政府は15日、半導体戦略を強化する方針を固め、次世代の半導体チップ製造に1兆円規模の支援を行うと発表した。経済産業省が中心となり、国内での先端半導体の生産基盤を確立し、経済安全保障の強化を図る。
支援の具体的内容
支援対象は、回路線幅が2ナノメートル以下の最先端半導体の製造技術に焦点を当てる。政府は、台湾や韓国に依存する現在の半導体供給体制を見直し、国内での一貫生産を目指す。経済産業大臣は「半導体はデジタル社会の基盤であり、安定供給の確保は国家の責務だ」と述べた。
背景と狙い
世界的な半導体不足や地政学的リスクの高まりを受け、各国が自国での生産強化に乗り出している。日本も遅れを取らないよう、官民連携で技術開発を加速させる。今回の支援には、研究開発費や工場建設費の補助が含まれ、国内外の企業が対象となる見通し。
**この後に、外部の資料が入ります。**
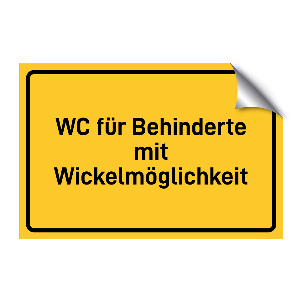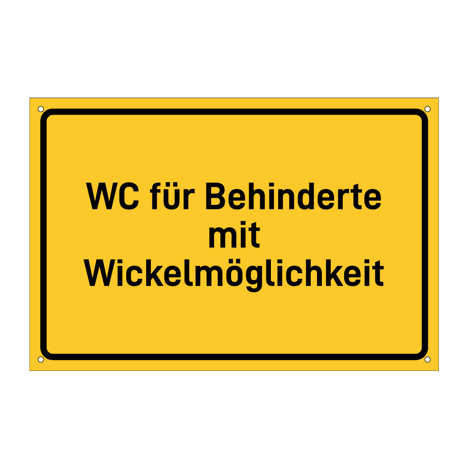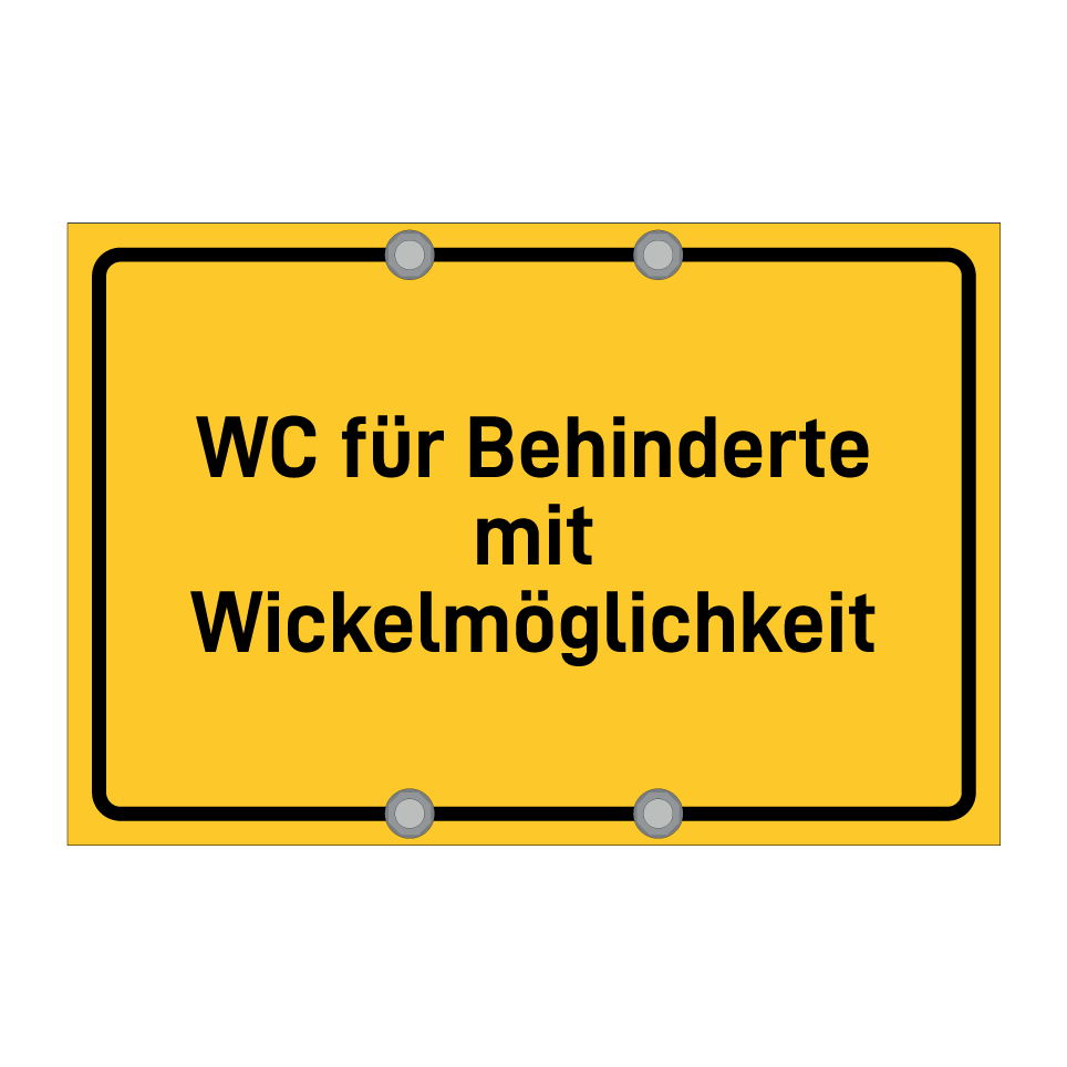 Hinweisschild mit dem Text WC für Behinderte mit Wickelmöglichkeit

政府はこの戦略により、2030年までに国内半導体市場のシェアを現在の約3%から20%に引き上げる目標を掲げている。また、関連する雇用創出効果は約10万人と試算されている。
今後の課題
専門家からは「巨額の投資に見合う成果を上げるためには、人材育成や国際協力が不可欠」との指摘がある。政府は今後、半導体関連の専門教育プログラムの拡充や、海外からの技術者受け入れを促進する方針だ。
今回の支援策は、来年度予算案に盛り込まれる予定で、与党内でも了承を得ている。政府は、半導体戦略を経済成長の柱の一つと位置付け、継続的な投資を行う考えを示している。